I am just starting my third decade on the planet, I have grey hairs (only two) and lines on my forehead and am increasingly wondering what it will be like to die. If I am going to be religious, I need it to engage me on an intellectual level, because at the moment I'm afraid Dawkins and the like have a pretty strong rational argument.
In the church that my parents attend, there are intelligent, professional people, whom I admire, and who have very strong beliefs, and I want to know where it all comes from. What do they know that I don't?

Katyń: I rented the DVD and finally saw this film, monopolising my parents' television and lounge for a good couple of hours (by the time I'd got 36 minutes into the Andrzej Wajda interview at the end I think they had had more or less enough).
I'm not a film critic and I tend to get emotionally involved in films, rather than making a detached analysis. I do however watch films set during this period with a great deal of caution, knowing how easy it is to be carried along and to become incensed about an issue which is not my battle.
One thing I will say is that the English subtitles on my rented DVD were appalling. Obviously my Polish isn't good enough for me to be able to catch everything on a film soundtrack (nor for that matter are my French and Italian, sometimes, if the accent is difficult, the dialogue fast and the background music loud). So I wasn't checking the translation. In any case, there's a fair amount of Russian and German dialogue in the film. And I'm not a trained subtitler, although I'm aware that there are certain time and space restrictions.
But: every time I looked down, the quality of the English was poor. It had clearly never even been checked by a native speaker. Subtitles are a way for foreigners, in this case English speakers, to access a film and a story that they would never otherwise have heard. What a betrayal of Wajda and of his subject matter to use such bad quality subtitling! Why, for the umpteenth time, is no-one prepared to pay for decent Polish to English translation?!

The Other Dog is very old and grumpy now and almost completely blind. He was diagnosed with diabetes some time last year and in the time it took to get it under control he lost his sight.
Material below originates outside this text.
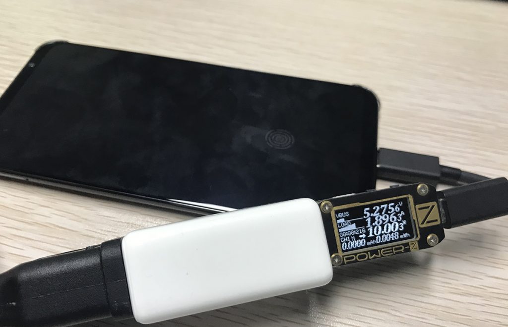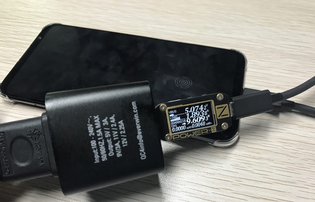 使用高通认证QC4+充电器, ChargerLAB POWER-Z KM001C显示手机的充电功率约为9.6W,充电器为5V输出,同样没有进入高压快充模式。

He also has liver failure and is still not putting on weight, for no apparent reason. My parents have had him insured from the outset, which is lucky because the tests and consultations and overnight stays at the specialist vet's have already run to thousands of pounds. He seems perfectly happy, although he walks into cupboards a lot and occasionally trips over bumps if we forget to say 'step!'. He still eats and enjoys going for short walks and snarls at us if we tread on his tail. His ears prick up when you call him and he trots along with his tail in the air like a flag. My theory is that if he's still bright enough to try and raid the kitchen bin then he's far from ready to go yet. But I'm sad for all the people who have to put down pets which are still relatively healthy because they simply can't afford the vet's bills.

Things: my parents' house is full of things. Things they have collected over more than thirty years of marriage, things their grown-up children have left behind, things they have inherited from elderly relatives who have moved on in any sense. Some of the things are interesting: the tub chair my paternal grandmother used to sit in to have her hair set, a mysterious pastel portrait known only as 'Mrs Harford', boxes and boxes of old slides and photos. But all the interesting things are smothered in piles of linen and papers and old clothes and crumbling plastic bags full of ancient children's toys.
When somebody visits, they have to rearrange the things to make room for the extra person.

When I stay here, I feel as though I am suffocating under the weight of all the old things.